Hello Researchers, today we will discuss about the “Multivariate Analysis of Data” . It is very much important topic for research methodology.
For management, the questions regarding conflict, satisfaction, and employee turnover are often key dependent variables of interest. Question can be a complex one, with many different work and family independent variables affecting work-family conflict.
In marketing, sales volume is often the dependent variable managers want to predict. Independent variables including marketing mix elements such as price, number of sales people, amount of advertising related to sales volume. Uncontrollable variables including population, economic conditions, and competitive intensity also affect sales.
The mathematical symbol X is commonly used for an independent variable, and Y typically denotes a dependent variable.
X= Independent Variable
Y= Dependent Variable
Y = X (means Y depend on the function of X)
♦ Regression can accommodate either less-than interval independent variables, but the dependent variable must be continuous. Regression analysis finds out the degree or relationship between dependable variable and a set of independent variables by fitting a statistical equation. Generally speaking, regression refers to the prediction of one variable from our knowledge of another variable.
♦ Correlation analysis is most appropriate for interval or ratio variables. Correlations estimate relationships between continuous variables. The most popular technique for indicating the relationship of one variable to another is correlation. .

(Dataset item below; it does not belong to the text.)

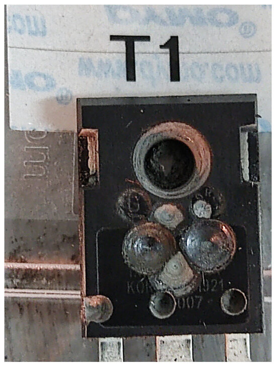 In the next test, the transistor denoted as T2 was also subjected to mechanical compression and its housing was significantly damaged (see Figure 18), but the transistor was still able to switch the current flow.

♦ A correlation coefficient is a statistical measure of co-variation, or association between two variables. Co-variance is the extent to which a change in one variable corresponds systematically to a change in another. Correlation can be thought of as a standardized co-variance.
Correlation coefficient, r, ranges from –1.0 to 1.0. If the value of r equals 1.0, a perfect positive relationship exists.
Perhaps the two variables are one and the same!
- Correlation coefficient, r, ranges from -1.0 to +1.0.
- If the value of r equals +1.0 ⇒ a perfect positive relationship
- If the value of r equals –1.0 ⇒ perfect negative relationship implies one variable is a mirror image of the other. As one goes up, the other goes down in proportion and vice versa.
- r = 0 ⇒ No correlation relationship exists
A correlation coefficient indicates both the magnitude of the linear relationship and the direction of that relationship.
For example, if we find that r = –0.92, we know we have a very strong inverse relationship—that is, the greater the value measured by variable X, the lower the value measured by variable Y.
Regression refers to prediction, degree of relationship measure is correlation, measure of correlation called the correlation coefficient ( degree of relationship is expressed by coefficient)
There may be some other several concept for “Multivariate Analysis of Data”. This article is prepared based on book, internet.